Centre to buffer glut-hit sugar industry
In a bid to deplete the mammoth stocks with the sugar industry, the Centre is mulling a proposal to double the current buffer stock.
The third proposal, it is understood, involves per tonne incentive bonus directly to farmers who fall within cane regions of mills that have a consistently high recovery rate. This would be an incentive on the lines of that given to wheat farmers recently.
In turn, the buffer stock move is expected to allow sugar mills to borrow more from banks—they have been very reluctant lenders to the industry which is now in the throes of a glut, over the last few months — and clear this year’s mammoth cane arrears to farmers.
That is an issue very close to the heart of the political fraternity, all the more so in view of the impending elections in Uttar Pradesh, among key producers of sugarcane, in early April.

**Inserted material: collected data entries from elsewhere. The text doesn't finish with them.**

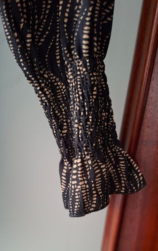 Vestido negro de Zara con detalles en ocre. - Cuello redondo con ribete. - Mangas con puños plisados. - Falda con vuelo.
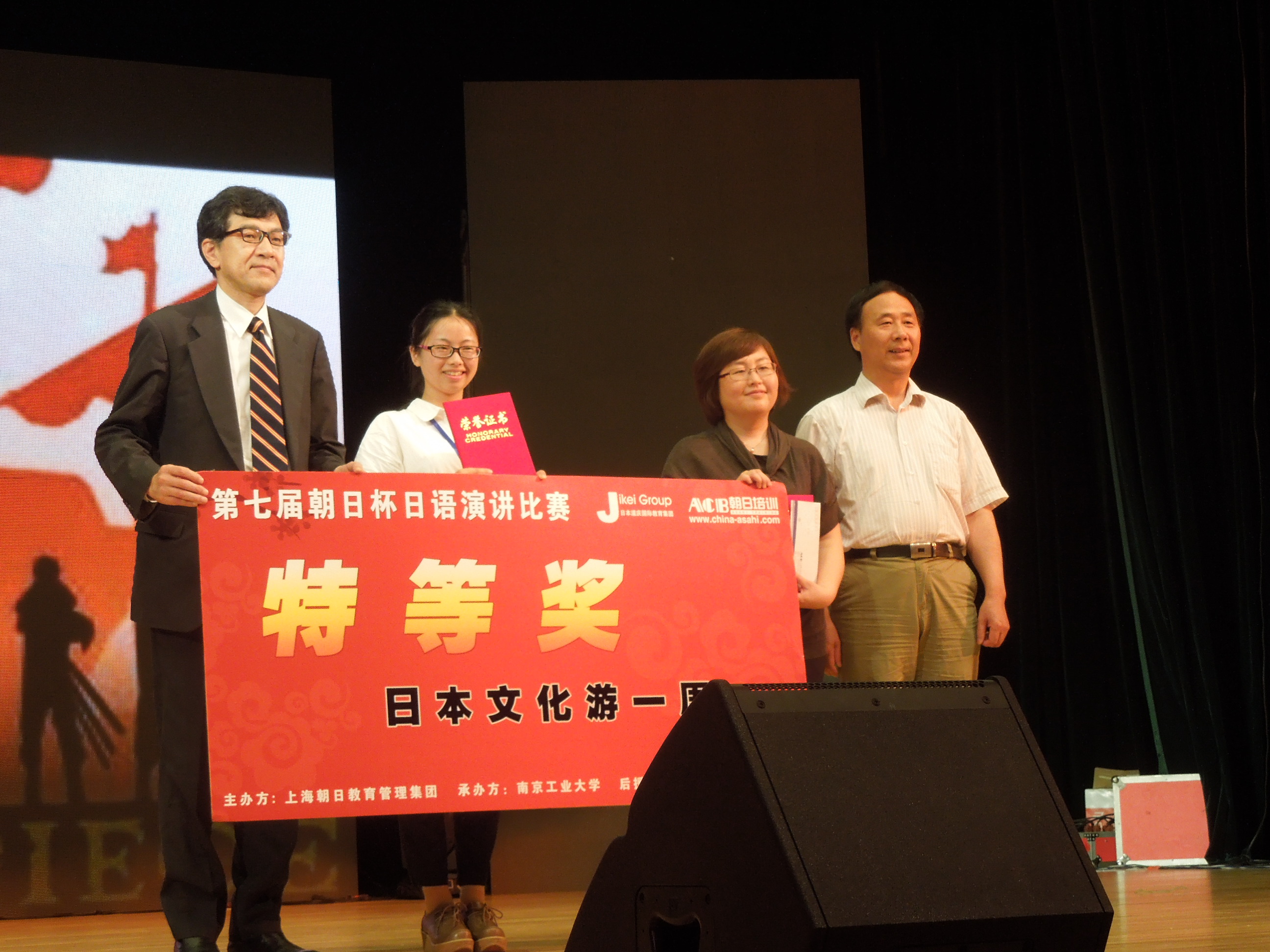 524日下午,第七届朝日杯华东区大学生日语演讲比赛总决赛在南京工业大学江浦校区大礼堂顺利落下帷幕。我院日语系黄素梅同学荣获大赛特等奖,崔明姬老师获优秀指导教师奖。
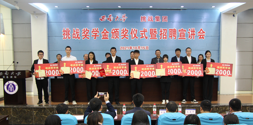 10月15日, 2020-2021年度挑战奖学金颁奖仪式暨招聘宣讲会在荣昌校区2211报告厅隆重举行。挑战集团创始人蔡辉益、大客户事业部总经理刘家、人力资源招聘培养项目总监李小君等出席,Mksport体育app官网入口荣昌校区党工委副书记、纪工委书记魏培修,公司党委书记赵智华,党委副书记、纪委书记文武,副经理周克勇等应邀参加。仪式由文武主持,在荣各公司员工代表二百余人参加。
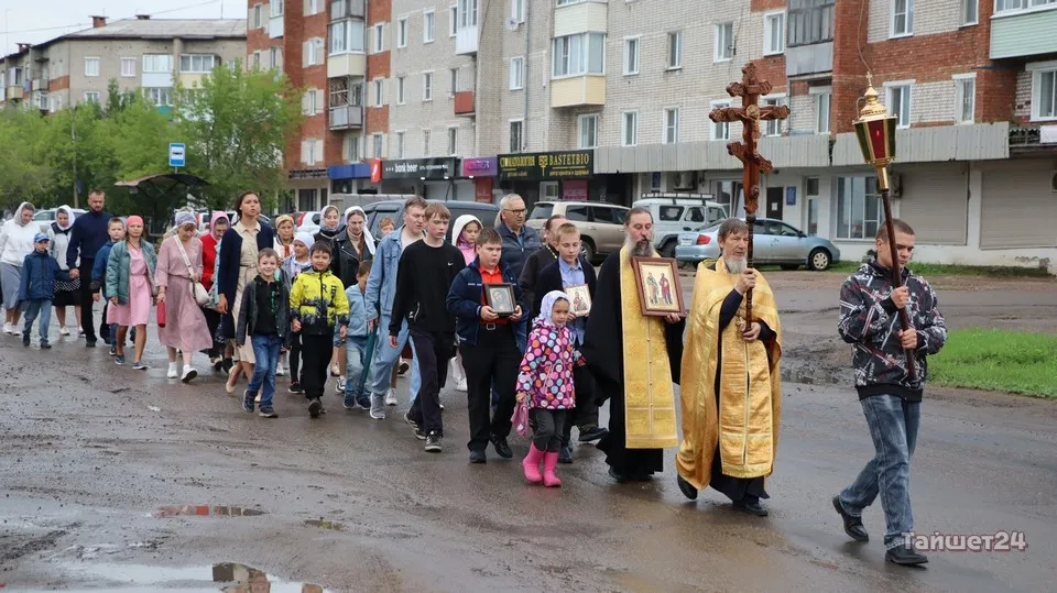 В Тайшете сегодня, 12 июля, состоялся Крестный ход – от храма «Всех скорбящих Радость» (улица Суворова) до храма святых апостолов Петра и Павла (улица Пушкина).
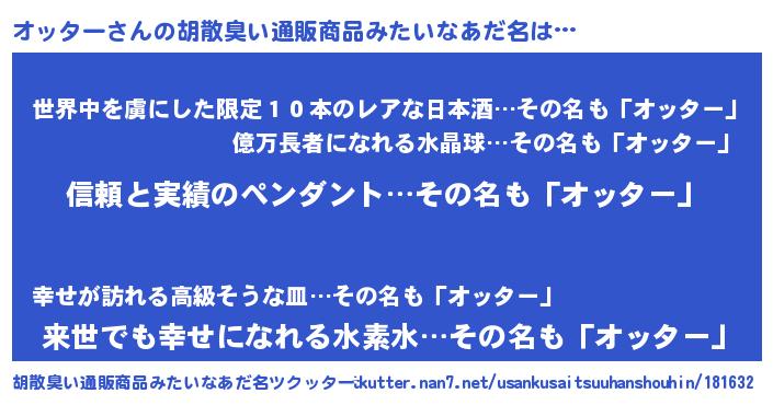 | 意味不明あだ名 | 『とにかく怪しいオッター』 |
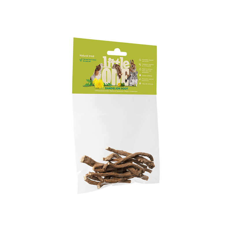 Little One kiaulpienių šaknų skanėstai graužikams, suteikiantys vertingų vitaminų, mineralų ir antioksidantų.
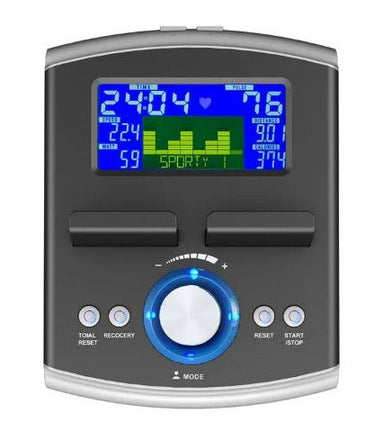• Consola de antrenament cu display LCD cu urmatoarele date: timp, viteza, rotatii pe minut, distanta, calorii arse, wati, puls.

However, sources pointed out that WTO compatibility of both the export subsidy issue and the buffer stock issue could prove to be a speed breaker in Cabinet’s giving them a nod for now. Besides, the finance ministry is not happy, sources said, about forking out a whopping additional food subsidy of several hundred crores.

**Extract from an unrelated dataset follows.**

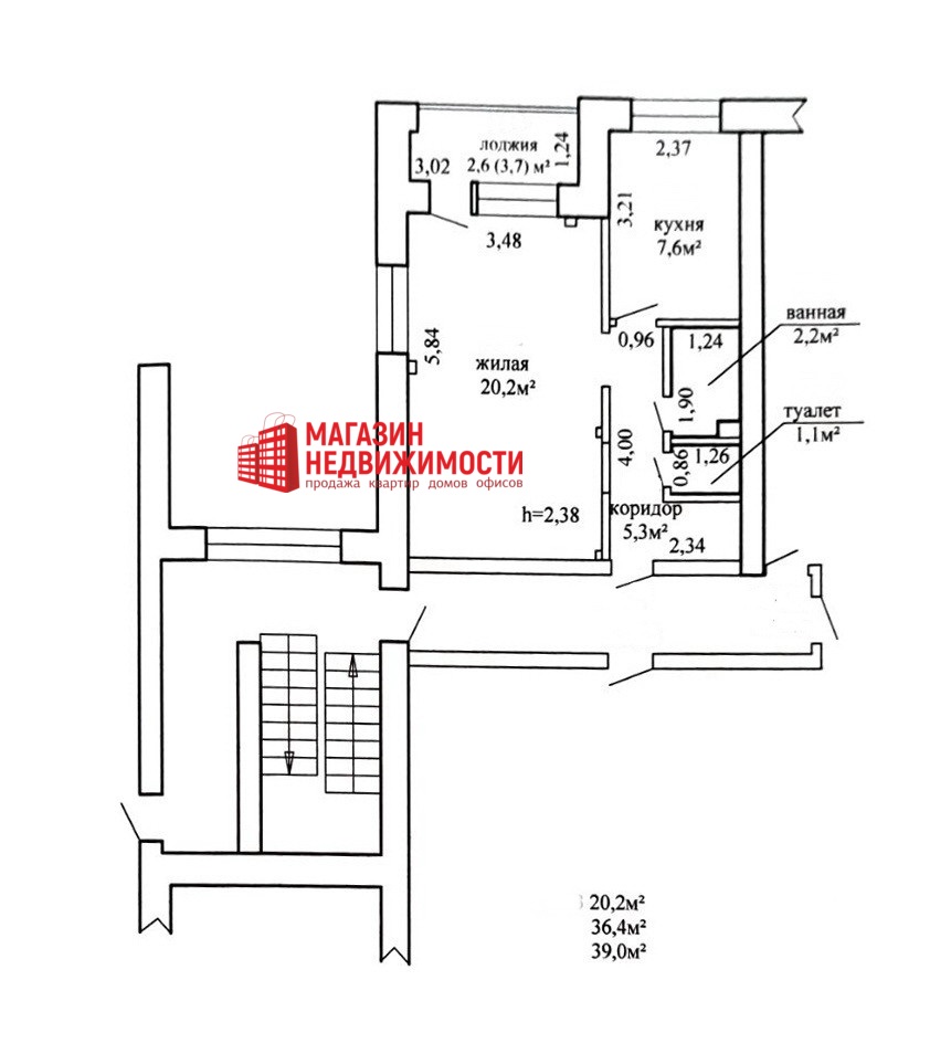 Общая площадь — 39.0 м2, жилая — 20.2 м2.
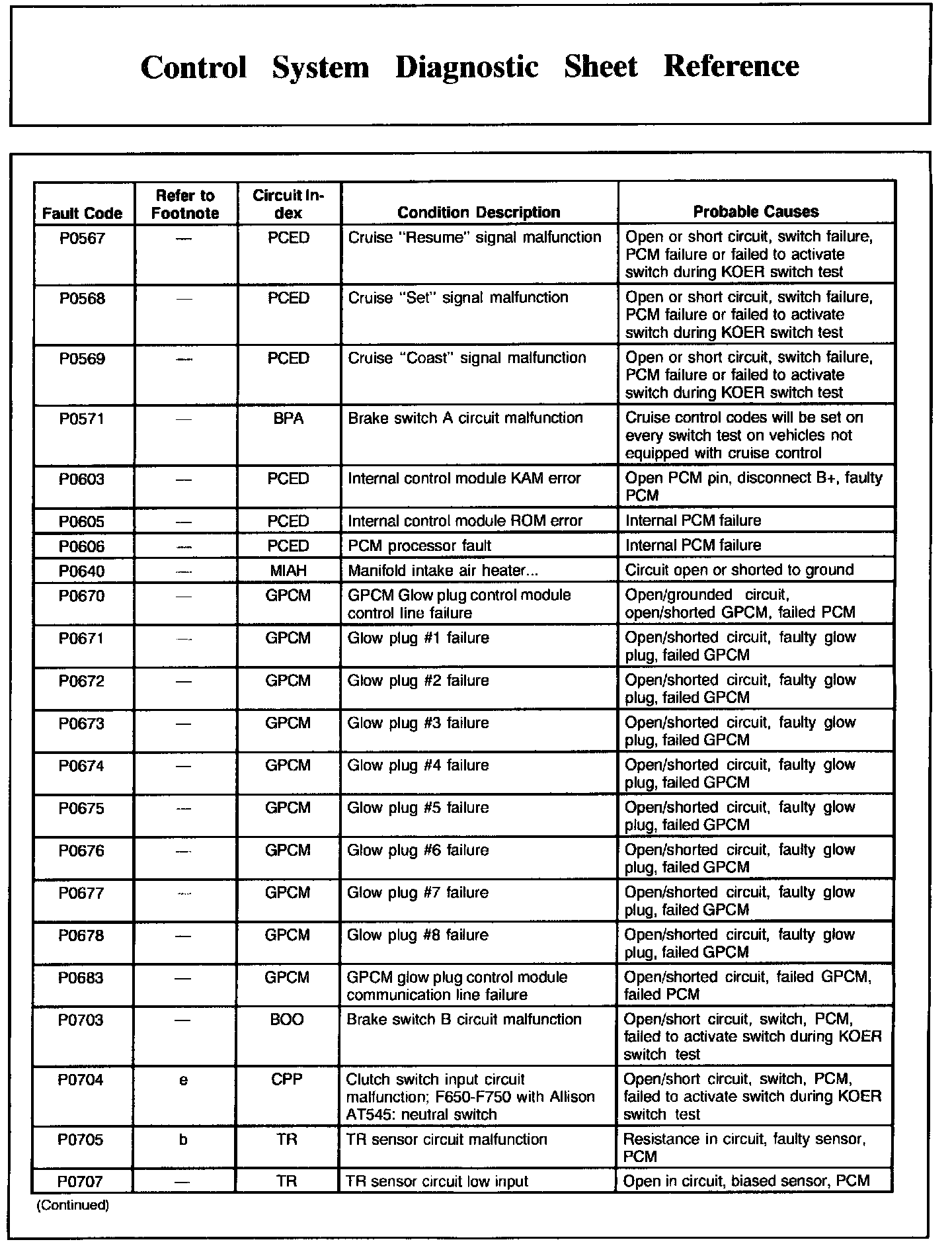 DTC Condition/Cause Chart, Part 7:

There is also a strong tussle within the government over the key subject of whether or not the sugar industry should be put firmly on the deregulation road soon. The export subsidies planned as well as upsizing the buffer stock would be counter to deregulation plans and, some experts feel, turn the clock back for the sugar industry quite disastrously.
Sections within the industry, however, have held the government squarely to blame for the crash in sugar prices and the big backlog on cane arrears payments, citing the “completely unreasonable” decision to ban all sugar exports between July 2006 and early this year, citing inflationary pressures caused by high domestic sugar prices. The ban came at a historic time when the industry had begun exporting, for the first time, at well above domestic prices. Prices have now come crashing down in the global market, however, making it uneconomical for the industry to export without any subsidy support from the government, even as it looks at another bumper crop in the next sugar year.